▸ Task data:
____________
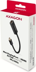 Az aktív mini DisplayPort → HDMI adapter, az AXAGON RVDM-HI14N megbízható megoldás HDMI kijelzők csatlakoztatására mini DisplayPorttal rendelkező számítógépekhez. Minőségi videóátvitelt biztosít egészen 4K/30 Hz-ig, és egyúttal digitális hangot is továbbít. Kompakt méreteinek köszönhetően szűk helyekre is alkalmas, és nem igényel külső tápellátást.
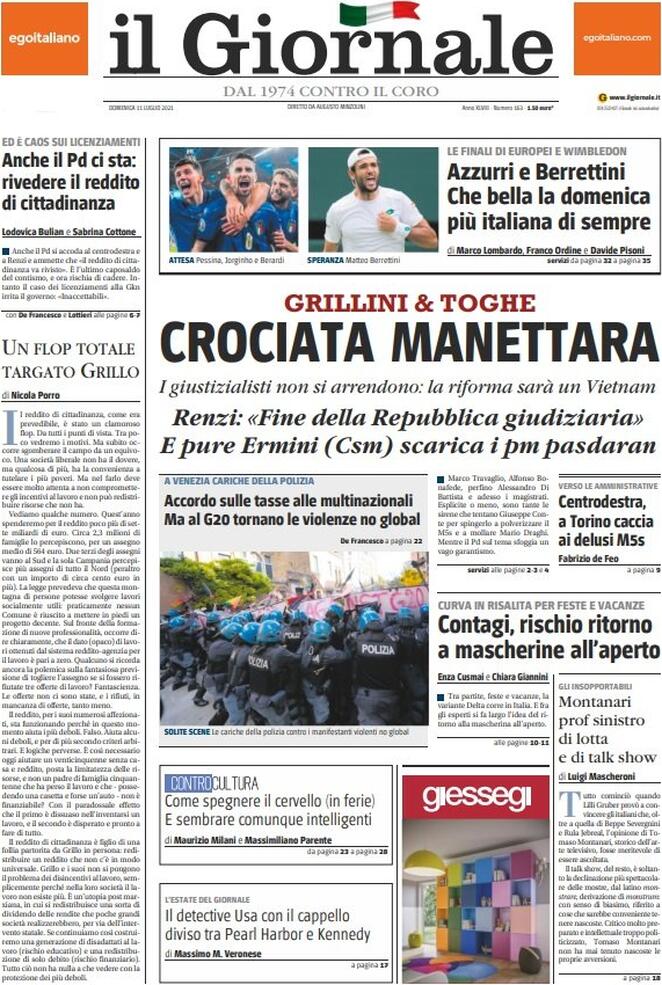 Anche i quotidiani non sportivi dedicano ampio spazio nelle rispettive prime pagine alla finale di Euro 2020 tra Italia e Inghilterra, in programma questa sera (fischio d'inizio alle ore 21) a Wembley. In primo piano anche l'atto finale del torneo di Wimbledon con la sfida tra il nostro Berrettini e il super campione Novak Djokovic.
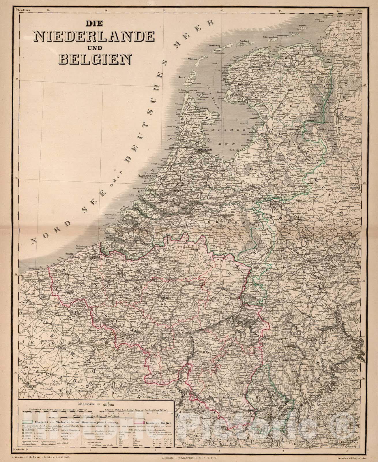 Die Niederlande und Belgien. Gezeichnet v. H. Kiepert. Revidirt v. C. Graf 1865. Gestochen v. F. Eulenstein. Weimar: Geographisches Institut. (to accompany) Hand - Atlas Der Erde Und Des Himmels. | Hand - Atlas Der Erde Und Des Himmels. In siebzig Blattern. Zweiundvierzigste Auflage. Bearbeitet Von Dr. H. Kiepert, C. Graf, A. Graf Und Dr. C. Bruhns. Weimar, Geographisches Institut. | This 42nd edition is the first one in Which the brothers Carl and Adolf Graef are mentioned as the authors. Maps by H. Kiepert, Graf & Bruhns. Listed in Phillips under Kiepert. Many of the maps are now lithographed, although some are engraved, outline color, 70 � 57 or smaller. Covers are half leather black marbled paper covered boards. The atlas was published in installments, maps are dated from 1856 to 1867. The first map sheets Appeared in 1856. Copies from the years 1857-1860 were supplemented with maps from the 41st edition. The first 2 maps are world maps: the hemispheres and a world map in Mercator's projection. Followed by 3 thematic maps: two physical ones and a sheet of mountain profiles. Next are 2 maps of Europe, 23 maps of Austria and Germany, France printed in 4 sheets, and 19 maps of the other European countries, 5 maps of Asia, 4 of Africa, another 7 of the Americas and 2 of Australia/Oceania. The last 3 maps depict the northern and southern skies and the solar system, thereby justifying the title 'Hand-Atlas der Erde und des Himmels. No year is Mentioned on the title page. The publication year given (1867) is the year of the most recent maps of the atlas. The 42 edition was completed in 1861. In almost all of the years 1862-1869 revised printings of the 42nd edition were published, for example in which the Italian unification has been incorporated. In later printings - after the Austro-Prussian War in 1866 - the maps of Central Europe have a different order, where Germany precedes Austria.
____________
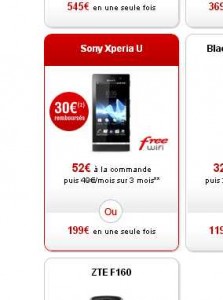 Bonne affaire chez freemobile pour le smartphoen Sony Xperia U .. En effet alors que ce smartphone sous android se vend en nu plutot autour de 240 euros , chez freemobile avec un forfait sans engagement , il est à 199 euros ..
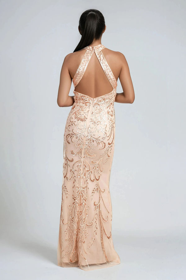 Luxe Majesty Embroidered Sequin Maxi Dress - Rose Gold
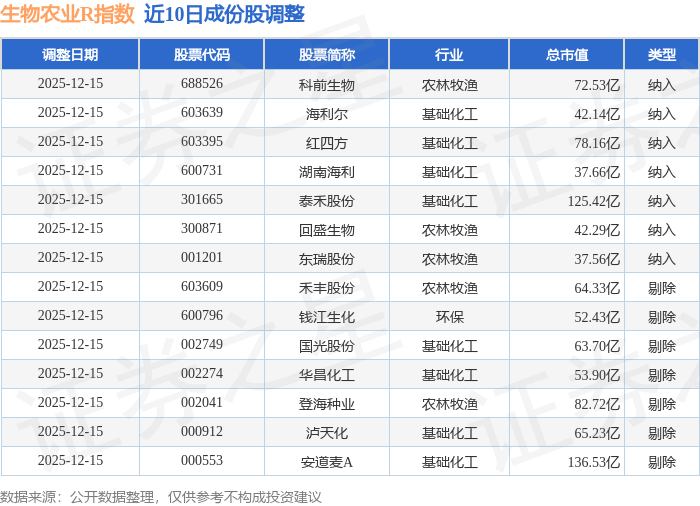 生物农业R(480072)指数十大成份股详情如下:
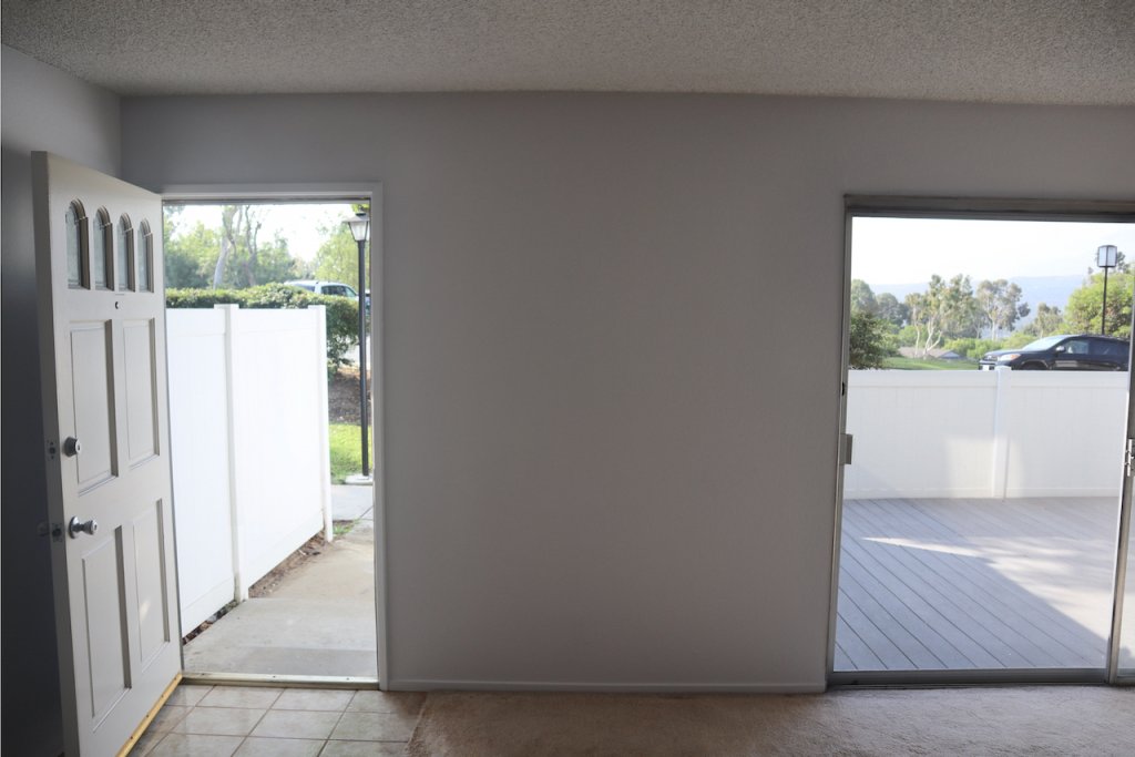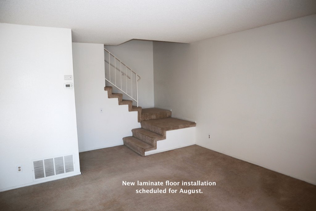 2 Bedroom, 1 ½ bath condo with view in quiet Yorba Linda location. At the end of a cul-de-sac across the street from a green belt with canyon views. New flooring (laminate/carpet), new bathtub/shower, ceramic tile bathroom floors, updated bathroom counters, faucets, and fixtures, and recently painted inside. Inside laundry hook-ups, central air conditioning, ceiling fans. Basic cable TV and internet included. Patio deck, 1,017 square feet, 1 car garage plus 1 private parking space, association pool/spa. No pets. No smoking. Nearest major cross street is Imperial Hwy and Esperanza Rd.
____________
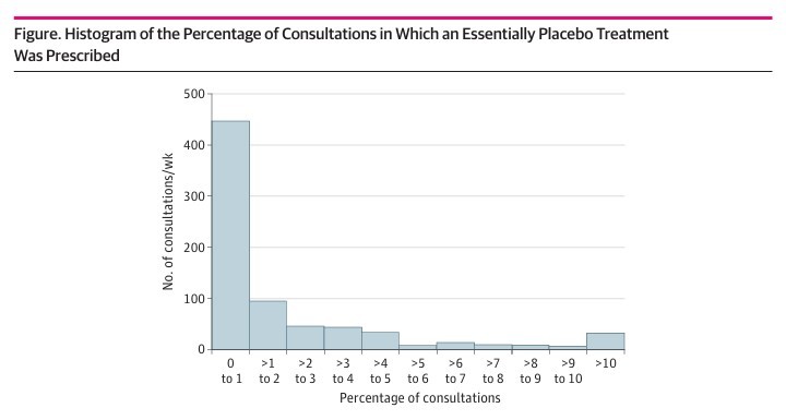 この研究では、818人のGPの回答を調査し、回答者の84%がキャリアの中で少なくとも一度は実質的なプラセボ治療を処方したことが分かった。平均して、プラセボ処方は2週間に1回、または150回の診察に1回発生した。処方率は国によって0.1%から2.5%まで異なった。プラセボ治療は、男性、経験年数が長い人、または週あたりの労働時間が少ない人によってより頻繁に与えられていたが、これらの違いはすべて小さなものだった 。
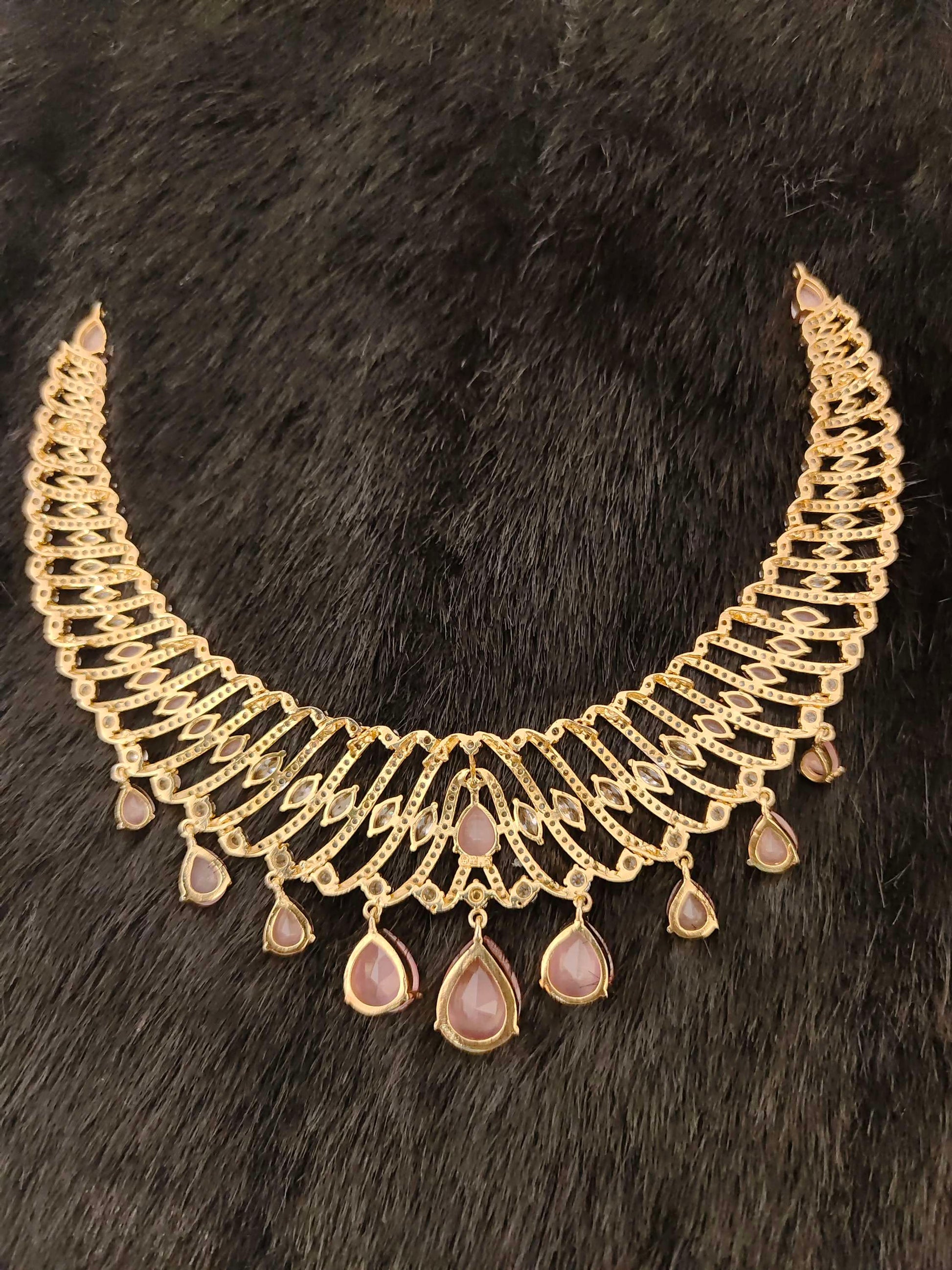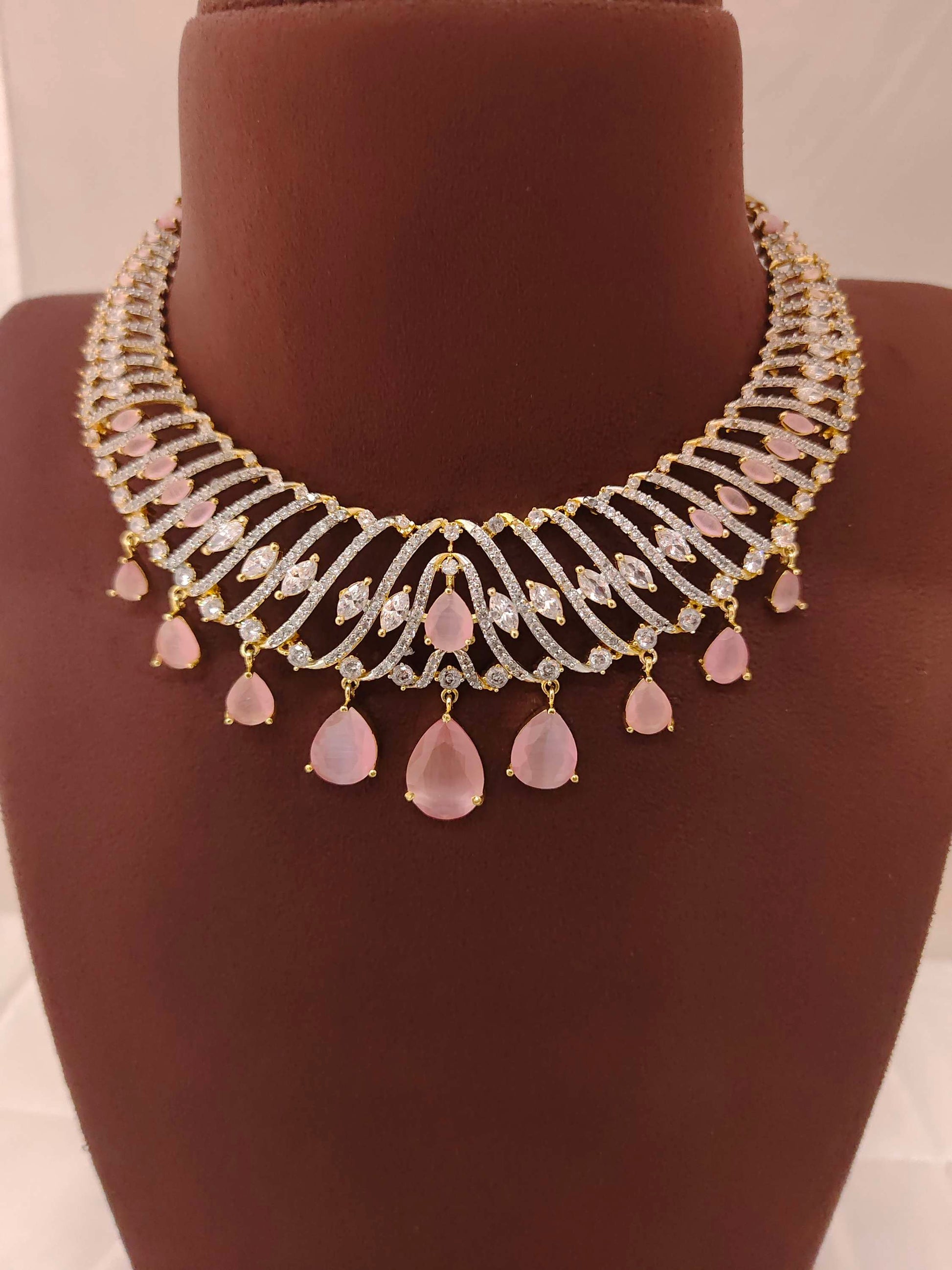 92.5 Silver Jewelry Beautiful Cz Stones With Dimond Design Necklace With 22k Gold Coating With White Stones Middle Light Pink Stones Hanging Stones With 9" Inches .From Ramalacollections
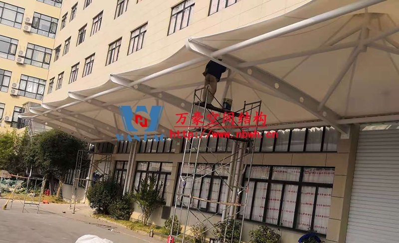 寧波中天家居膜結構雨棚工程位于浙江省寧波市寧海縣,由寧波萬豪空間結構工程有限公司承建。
____________
▸ Problem to work on: For this exercise, set down the lines in the entries above from the one with "Az aktív mini" through the one with "Anche i quotidiani" exactly as written, without any pictures.

▸ Output for this exercise:
 Az aktív mini DisplayPort → HDMI adapter, az AXAGON RVDM-HI14N megbízható megoldás HDMI kijelzők csatlakoztatására mini DisplayPorttal rendelkező számítógépekhez. Minőségi videóátvitelt biztosít egészen 4K/30 Hz-ig, és egyúttal digitális hangot is továbbít. Kompakt méreteinek köszönhetően szűk helyekre is alkalmas, és nem igényel külső tápellátást.
 Anche i quotidiani non sportivi dedicano ampio spazio nelle rispettive prime pagine alla finale di Euro 2020 tra Italia e Inghilterra, in programma questa sera (fischio d'inizio alle ore 21) a Wembley. In primo piano anche l'atto finale del torneo di Wimbledon con la sfida tra il nostro Berrettini e il super campione Novak Djokovic.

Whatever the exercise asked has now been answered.